We note that while decisions of the Commonwealth Court may be persuasive, they are not binding on this Court. Kraus v. Taylor, 710 A.2d 1142, 1144 (Pa.Super. 1998) ("Although we frequently turn to the wisdom of our colleagues on the Commonwealth Court for guidance, the decisions of that court are not binding on this Court.").

As with all legal rules, the exhaustion of administrative remedies rule is neither inflexible nor absolute. . . . Thus, a court may exercise jurisdiction where the administrative remedy is inadequate.

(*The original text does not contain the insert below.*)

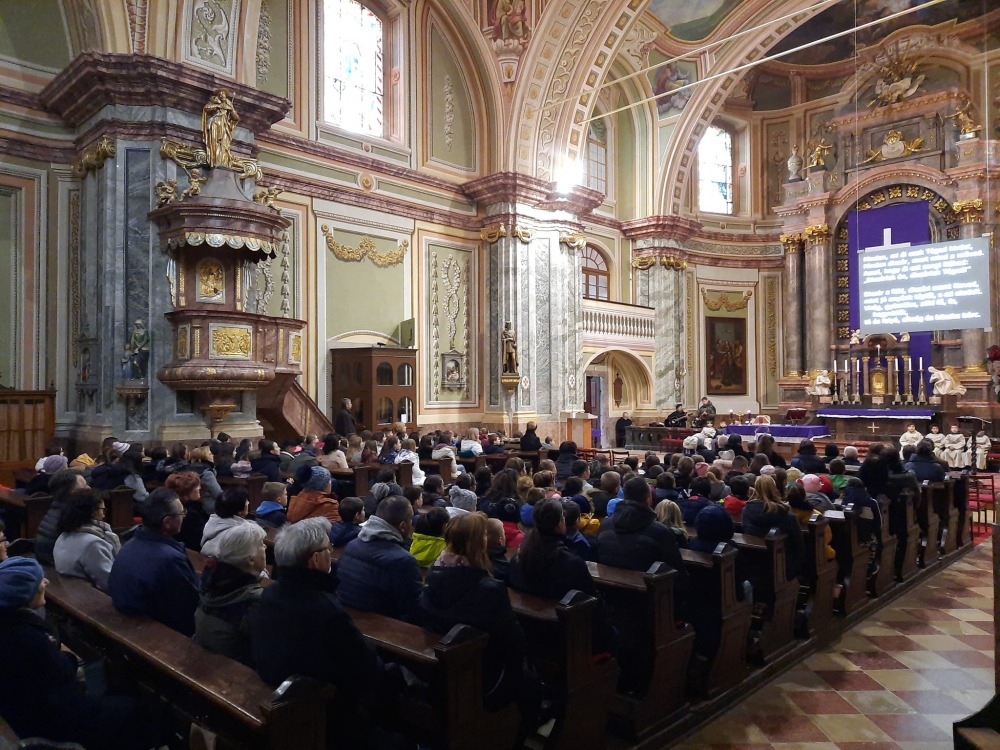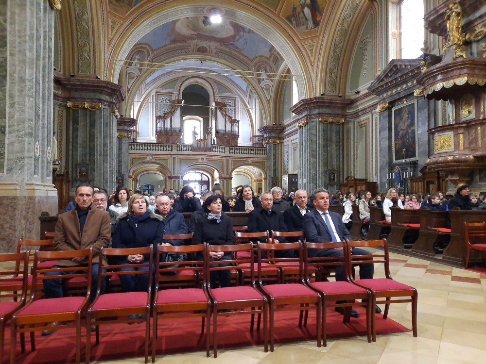 Az iskolaközpont ünnepe az Urunk Mennybemenetele templomban bemutatott szentmisével kezdődött, melyet Felföldi László megyéspüspök celebrált, koncelebrált Petkó Tamás plébános, Molnár Erik káplán és Priskin Zsolt diakónus.

The mere existence of a remedy does not dispose of the question of its adequacy; the administrative remedy must be "adequate and complete."

Id. at 6-7, 383 A.2d at 793-794 (citations omitted).

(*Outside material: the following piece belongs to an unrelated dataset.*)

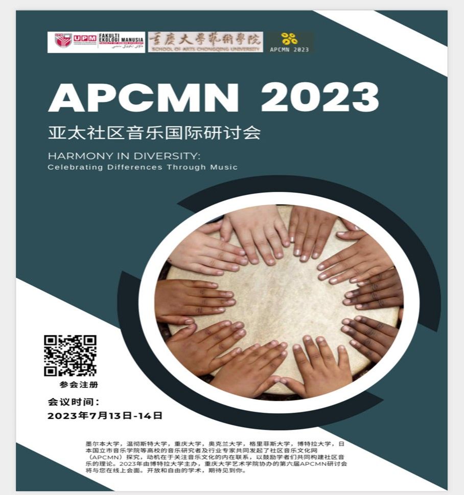 协办的第六届亚太社区音乐研讨会(Asia Pacific Community Music Network ) ,将于2023年7月11日至15日在博特拉大学的Rashdan Baba会堂召开。亚太社区音乐国际研讨会(APCMN)是由联合国教科文组织和国际音乐理事会的附属机构“国际音乐教育协会”(International Society for Music Education)每两年在不同成员国举办的学术会议,主要通过委员会ISME成员分享和相互合作,传播关于音乐教育及其相关专业领域发展的信息。

¶ 9 In the present case, Gateway has not shown that Citizens has available an adequate and complete administrative remedy. While Gateway argues that the DPW has exclusive authority to set medical assistance reimbursement rates, Citizens is not challenging any rate set by DPW. Indeed, neither Gateway nor DPW asserts that DPW has set reimbursement rates for subcontractors of its managed care health maintenance organizations. Instead, Citizens seeks to recover directly from Gateway at "private rates" for services rendered to medical assistance recipients enrolled in the Gateway managed care program. In contrast, Gateway's position is that it will pay Citizens only the amount set by DPW for direct payment to ambulance service providers under the fee for service program. Neither Gateway nor DPW have cited to any provision of law or contract that requires Citizens to accept the DPW rate as reimbursement for services provided to Gateway's managed care medical assistance clients. That Gateway claims, at least by implication, that the DPW reimbursement is a fair measure of the value of Citizens' services does not remove this dispute between private parties from the jurisdiction of the Court of Common Pleas.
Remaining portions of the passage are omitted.